Instructor: Tisha Collins Batis

Tisha is a licensed real estate agent in Texas. She holds bachelor's in legal studies and a master's degree in criminal justice.

Assuming a seller's existing mortgage is a good option for some homebuyers. In this lesson, we'll define an assumable mortgage and discuss its requirements.

Introduction

Keelan and Tisha searched for their dream home for nearly a year. Finally, one day, their realtor showed them the home that stole their hearts. It had everything on their mental checklists, plus things they didn't realize they wanted. They rushed to their lender to discuss mortgage options, and found out that interest rates had increased since they began their search. In fact, interest rates had increased so much that their dream home was now out of their reach. What could they do? Were there any other options for them?

Definition

An assumable mortgage is a mortgage that a buyer can take over from a seller. Instead of getting a mortgage themselves, the buyer can assume the mortgage that the seller already has in place. The lender has to approve the assumption, but it's an option in some situations.

Mortgage

Requirements

There are requirements for an assumable mortgage that buyers must be ready to fulfill. Basic requirements include the buyer agreeing to make all future payments, the buyer's creditworthiness meeting the lender's guidelines, and the lender being on board with the transaction. In addition, there may be other requirements depending on the type of mortgage.

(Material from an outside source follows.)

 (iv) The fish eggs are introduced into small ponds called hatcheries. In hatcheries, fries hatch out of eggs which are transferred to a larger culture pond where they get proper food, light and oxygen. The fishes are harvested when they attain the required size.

Both FHA and VA loans are assumable, each with their own requirements. For example, each has its own income and debt-to-income ratio requirements as well as a creditworthiness requirement. Not everyone can qualify for a FHA or VA loan, and buyers must keep that in mind when considering assuming a mortgage.

Examples

Keelan and Tisha realized early on that they couldn't afford the higher interest rates they were facing. They didn't want their dream home to get away from them, so they asked their lender if the mortgage was assumable. The realtor found out that it was, so Keelan and Tisha decided to assume the existing mortgage instead of getting their own.

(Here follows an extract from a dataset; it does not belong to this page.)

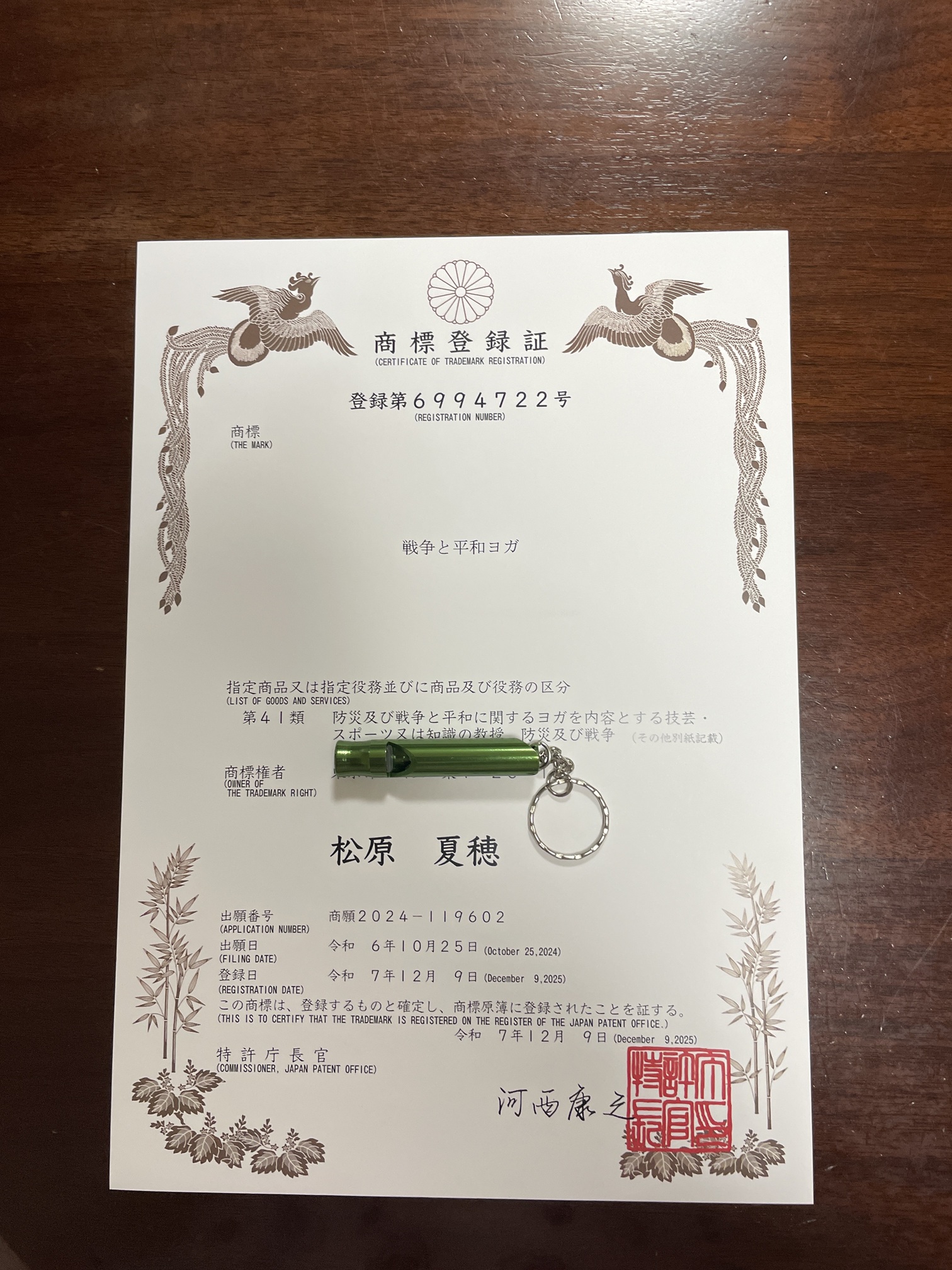 私が考案したヨガプログラム「戦争と平和ヨガ®」が商標登録を取得しました。

The existing mortgage was a VA loan. Fortunately for Keelan and Tisha, Keelan was a veteran and therefore eligible for a VA loan. They applied to assume the mortgage. Their credit scores were great and their debt-to-income ratio was well below the guidelines. Their dreams came true when they were able to assume the existing mortgage and move into their dream home.

Tabie was new to town and found a cute little house for sale. She was a single mother with three children. Recently, she had gone through nursing school but was unable to obtain her RN license. Instead, she was stuck with her LVN license and a lower income. Her credit wasn't great due to a divorce. The house fit all of her needs and she really wanted it for her children. What could she do?

After speaking to a mortgage lender, Tabie decided to try to assume the existing mortgage on the home. It was a FHA loan. For a week, she worried about whether or not she would be approved. Unfortunately for Tabie, she was not approved. Her credit score was too low and her debt-to-income ratio was too high. She was stuck renting a home until she could pay some bills off and repair her credit. She didn't meet the creditworthiness or debt-to-income guidelines of the lender, so she didn't have access to the money needed to buy the home she wanted.